There are those who would suggest that women have been oppressed by this division of labor. Perhaps in some cases this is true, but there's a part of me that's deeply offended by the suggestion that because women have traditionally been masters of the spindle and needle, we should cast aside these things as symbols of oppression. I say, to Hel with that. Brynhild, described as the greatest of great women in the Volsungas Saga, was as likely to pick up a sword as a needle. The same goes for Gudrun in the same saga. In the Nyals saga, the Valkyrie are depicted weaving on a loom using men's heads to weight the warp threads, a sword as a shed, and entrails for the warp and weft. Athena was born fully armored and carries the Aegis as her shield. She's not only the goddess of tactical warfare, but the goddess of weaving. Artemis, as skilled an archer as her brother, was the Queen of the Nymphs whose primary occupation was spinning. Maidens of Delos would bring spindles bound with their hair to the tomb at the Temple of Artemis in Ephesus.

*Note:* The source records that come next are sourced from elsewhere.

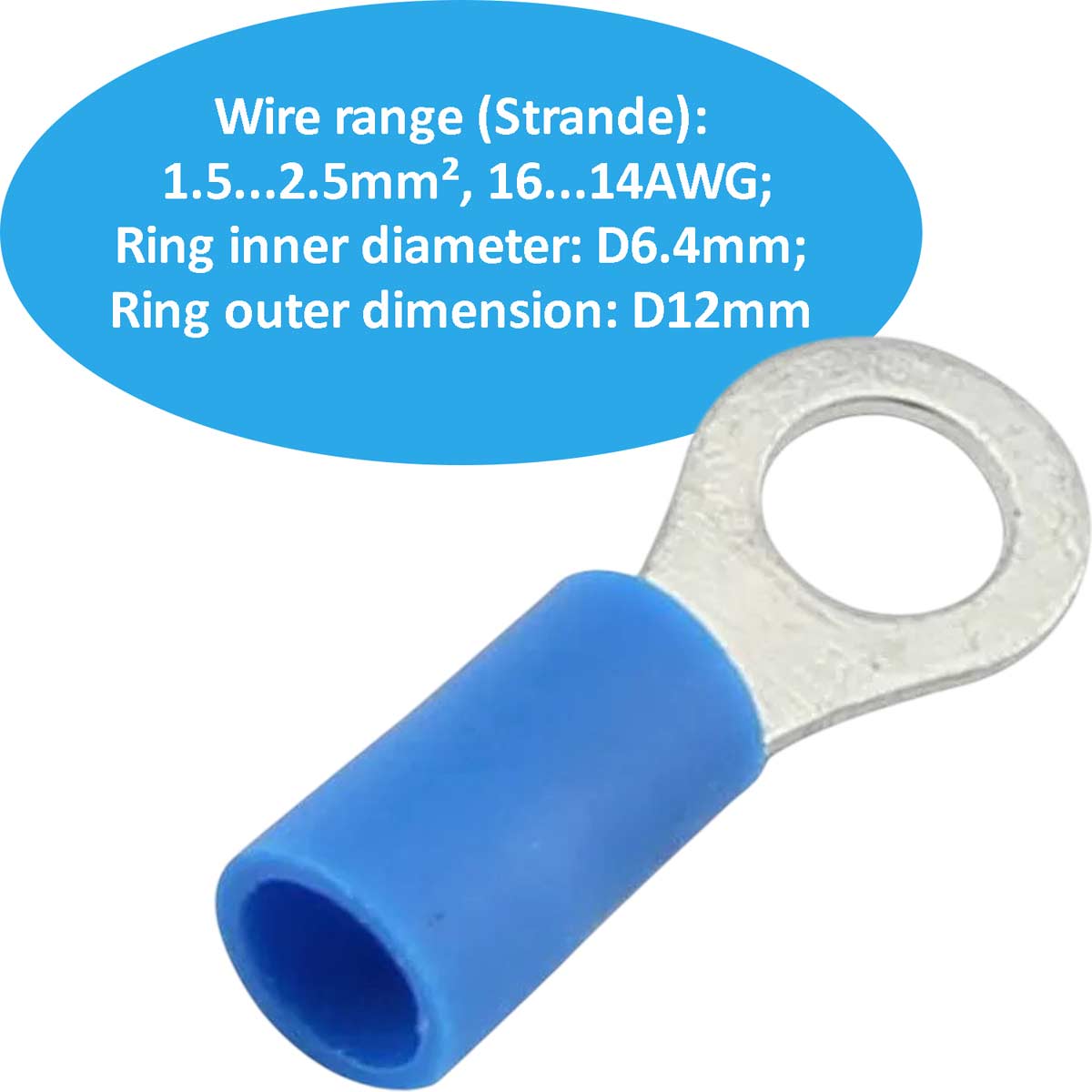 Dùng cho dây mềm: 1.5...2.5mm², 16...14AWG; Lớp cách điện: Có; Màu xanh dương; Đường kính trong của vòng bắt ốc: D6.4mm; Kích thước ngoài của vòng bắt ốc: D12mm; Đồng
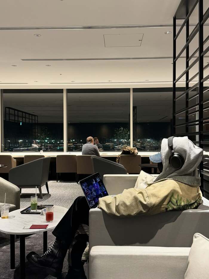 また、ラウンジと思われる場所のソファでくつろぐ姿も。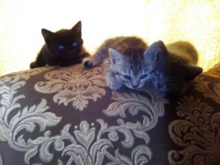 Суббота. Был дождливый осенний день. Смеркалось. Возвращалась домой. На пустыре, недалеко от дома, услышала жалостливое пищание котенка. В темноте ничего не разглядела. Зашла в дом, подхожу к мужу. - Представляешь Саш, опять какие то изверги, выкинули котенка. - Где? - Да вон там, на пустыре, где-то в темноте пищит.. Сашка, не долго думая, вскочил из-за компа, и в чем был, в том и побежал на улицу под дождь. Забегает, в руках два котея, серый и полосатый. Сидим, разглядываем находку.. Через пару минут, слышим на улице, еще более громкий писк.. Говорит: - Дай фонарик, там наверно ещё один! Убежал с фонариком. Вернулся с черным, писклявым комком: - Громкий зараза. А что ж ты сразу не мяукал? А как один остался, не такой смелый стал?.. Дак ещё и черный, не видно в темноте его. Ну уж этого "черномазого", точно пристроим - пацан! - Да кому он нужен? У матери и так двое черных, от третьего она откажется. - Ну, у меня на работе напарник спрашивал про черного котенка. А нет, так Эдику мо

So, if goddesses and heroines aren't fettered by their "women's work," why should we be? There is no reason to cast off the needle in exchange for the pen (or keyboard) when we can do both. There is no reason to put less value on the skill and industry of what is traditionally women's work because we now do work that was traditionally set aside for men. We can be doctors and knitters, lawyers and quilters, scientists and spinners. I am proud of the women's work that I do. I am proud that I can make thread with my own hands and then make that thread into something. I can make dresses one hour and work on my car the next. I can read academic papers and write on almost any subject one hour and embroider or knit the next hour. I can make lace, compose songs, and wield a hammer or screwdriver.
A modern woman's value is placed upon her ability to juggle children and an occupation outside the home. But to me, that is only a different sort of enslavement. A woman's value or virtue does not lie so narrowly, but rather in her kindness, her industriousness, her adaptability, and her strength of spirit and will. I would put the same values and virtues upon men.

Long story short, I don't care who you are or what your gender may be. More people should join me in my fabric and fiber goodness.
You will be assimilated.

(x-posted to Siamese cat, Zen Jail)
Feminist article that started this tirade:
King, Kathryn R. "Of Needles and Pens and Women's Work." Tulsa Studies in Women's Literature. v.14 no.1 (Spring, 1995) pp 77-93.